# TRY IT
Reproduce verbatim the line containing "5月13日,美國(guó)夏" and every line that follows it through the end of the entries below, omitting all pictures.

(Items from a dataset)
= = = = =

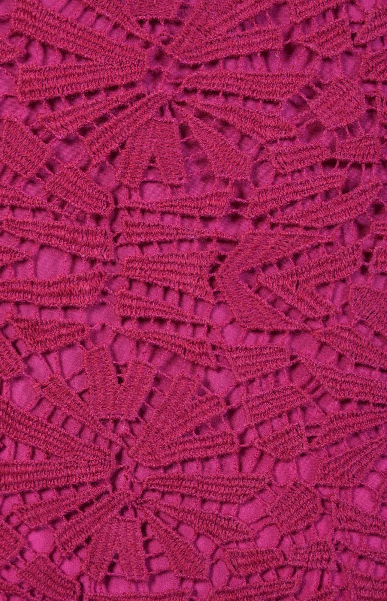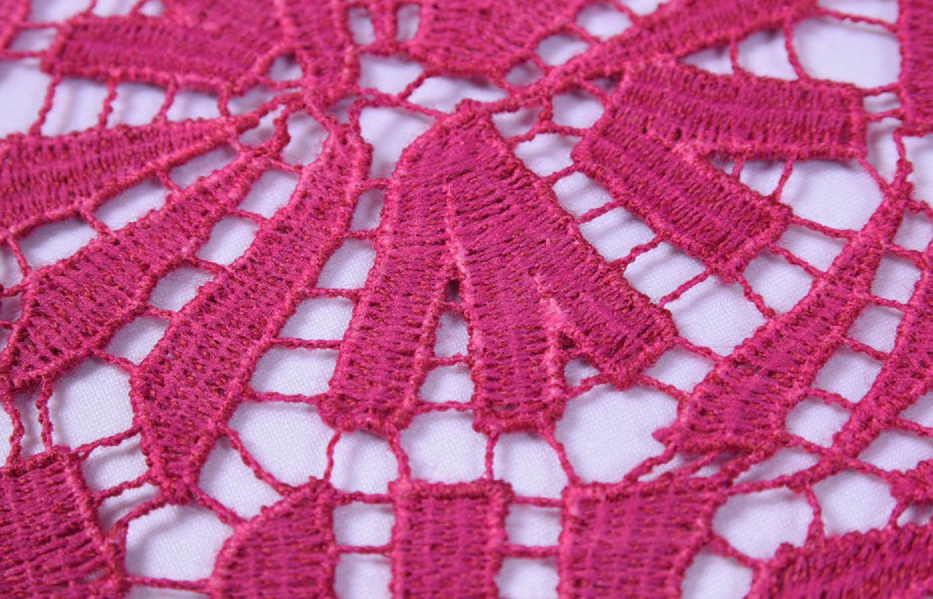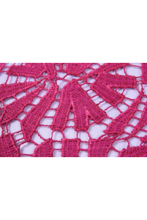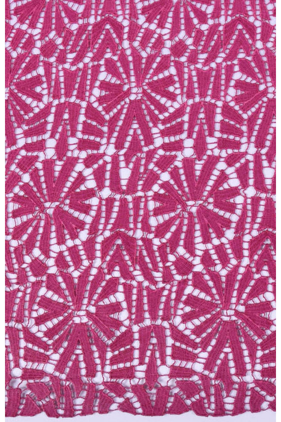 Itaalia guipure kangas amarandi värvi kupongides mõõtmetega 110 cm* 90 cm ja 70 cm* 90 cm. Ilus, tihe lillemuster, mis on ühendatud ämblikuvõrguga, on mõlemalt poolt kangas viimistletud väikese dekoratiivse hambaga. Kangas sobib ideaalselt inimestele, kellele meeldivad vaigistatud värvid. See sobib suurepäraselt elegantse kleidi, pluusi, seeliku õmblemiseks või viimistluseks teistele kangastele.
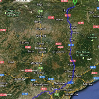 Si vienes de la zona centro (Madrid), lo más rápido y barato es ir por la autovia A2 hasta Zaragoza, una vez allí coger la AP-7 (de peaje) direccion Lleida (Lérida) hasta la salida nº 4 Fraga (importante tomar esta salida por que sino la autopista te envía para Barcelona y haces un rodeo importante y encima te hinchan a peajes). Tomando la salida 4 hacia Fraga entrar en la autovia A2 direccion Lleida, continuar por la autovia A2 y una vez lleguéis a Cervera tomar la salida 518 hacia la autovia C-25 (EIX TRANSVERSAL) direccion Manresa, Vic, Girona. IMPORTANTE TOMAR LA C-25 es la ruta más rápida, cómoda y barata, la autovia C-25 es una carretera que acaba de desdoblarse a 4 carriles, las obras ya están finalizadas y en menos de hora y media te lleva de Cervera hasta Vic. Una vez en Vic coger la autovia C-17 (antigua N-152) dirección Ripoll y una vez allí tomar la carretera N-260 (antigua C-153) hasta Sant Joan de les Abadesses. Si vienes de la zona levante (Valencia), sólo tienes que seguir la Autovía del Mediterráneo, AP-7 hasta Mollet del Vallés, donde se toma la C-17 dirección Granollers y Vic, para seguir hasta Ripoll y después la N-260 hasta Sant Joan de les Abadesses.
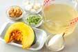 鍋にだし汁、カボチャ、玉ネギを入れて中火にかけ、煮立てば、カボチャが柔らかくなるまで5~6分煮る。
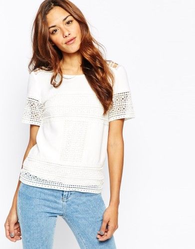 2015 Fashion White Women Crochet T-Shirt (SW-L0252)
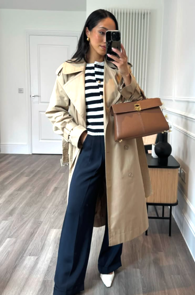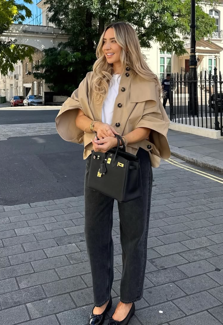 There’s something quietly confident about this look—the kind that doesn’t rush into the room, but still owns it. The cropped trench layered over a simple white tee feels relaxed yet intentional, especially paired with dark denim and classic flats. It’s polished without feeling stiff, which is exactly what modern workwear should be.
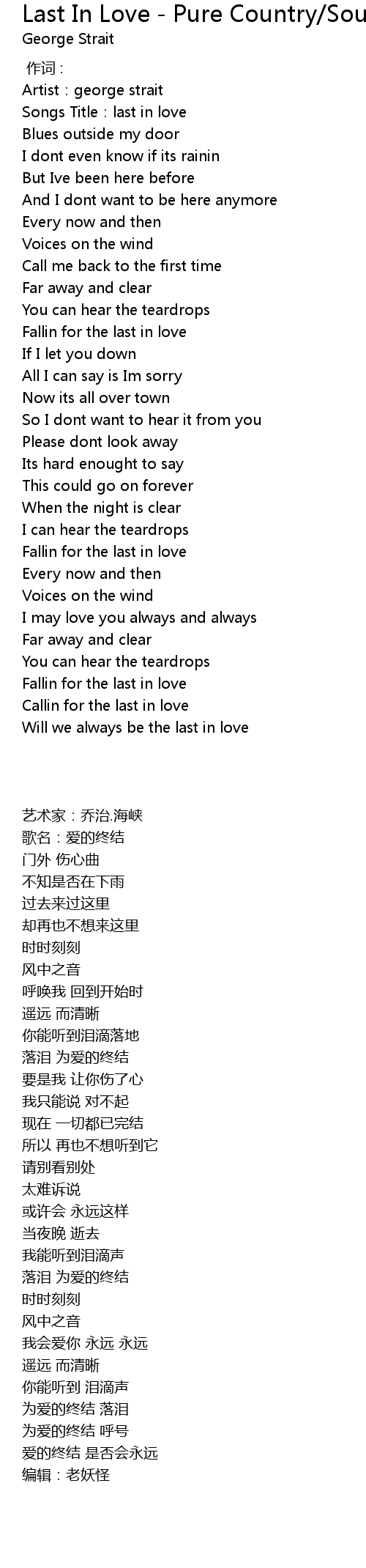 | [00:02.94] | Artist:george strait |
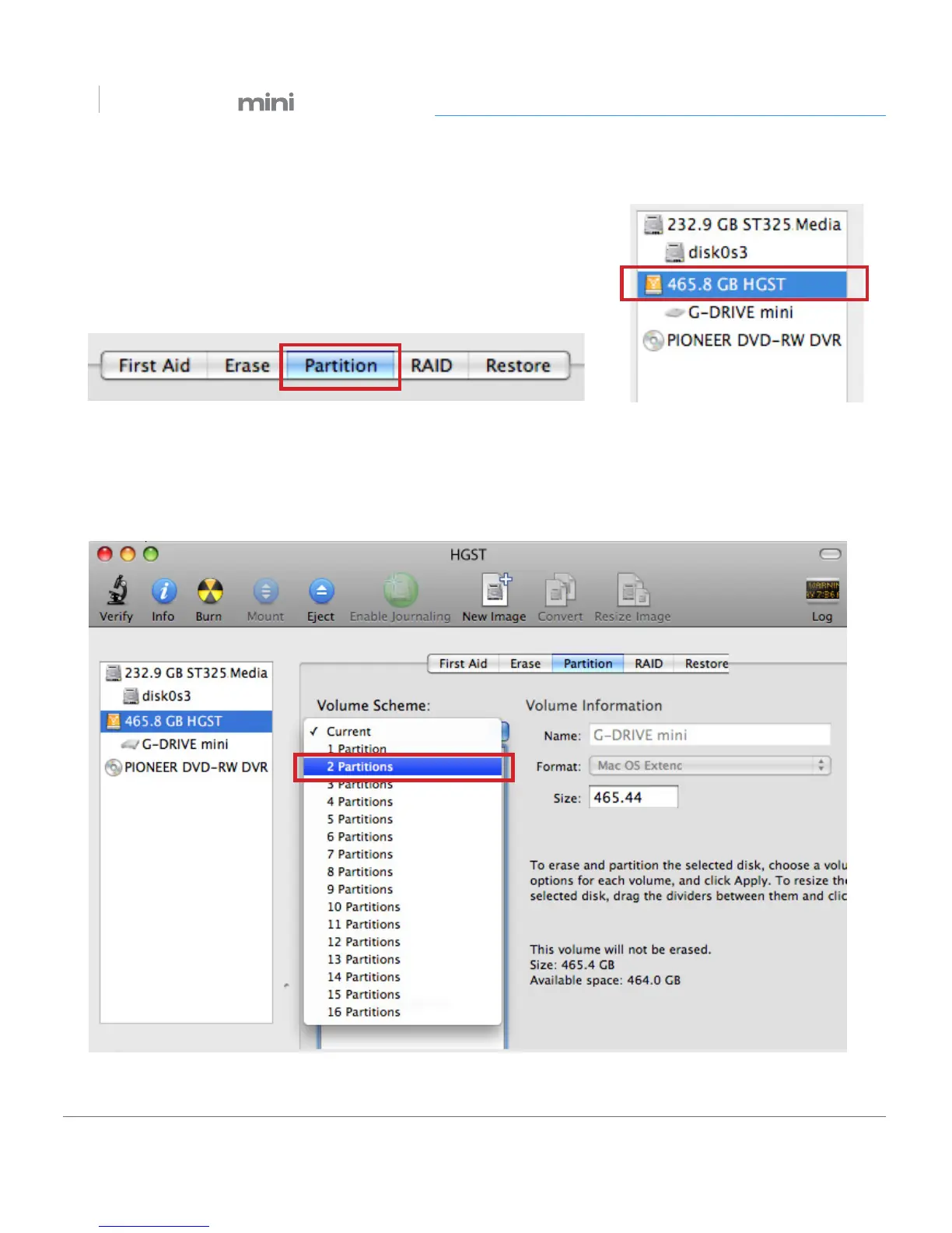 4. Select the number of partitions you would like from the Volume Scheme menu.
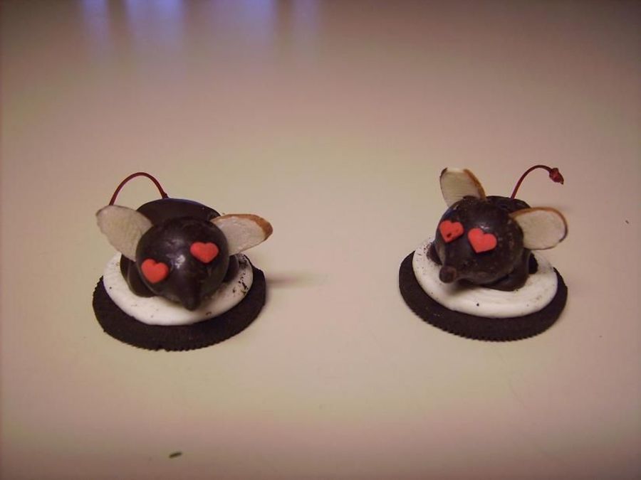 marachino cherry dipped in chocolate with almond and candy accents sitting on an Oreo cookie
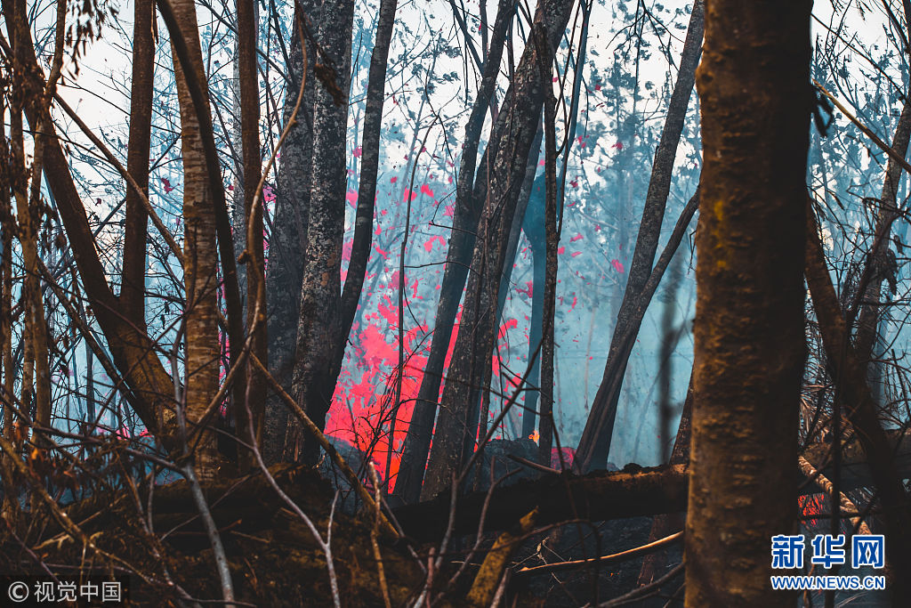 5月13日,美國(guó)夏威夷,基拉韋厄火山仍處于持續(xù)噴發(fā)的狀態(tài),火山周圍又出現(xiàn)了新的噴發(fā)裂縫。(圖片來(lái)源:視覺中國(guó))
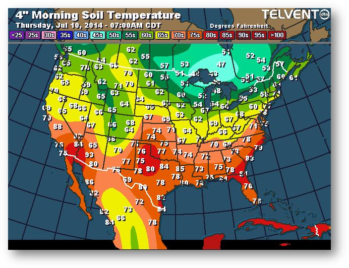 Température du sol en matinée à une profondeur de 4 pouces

= = = = =

# EXPECTED OUTPUT
 5月13日,美國(guó)夏威夷,基拉韋厄火山仍處于持續(xù)噴發(fā)的狀態(tài),火山周圍又出現(xiàn)了新的噴發(fā)裂縫。(圖片來(lái)源:視覺中國(guó))
 Température du sol en matinée à une profondeur de 4 pouces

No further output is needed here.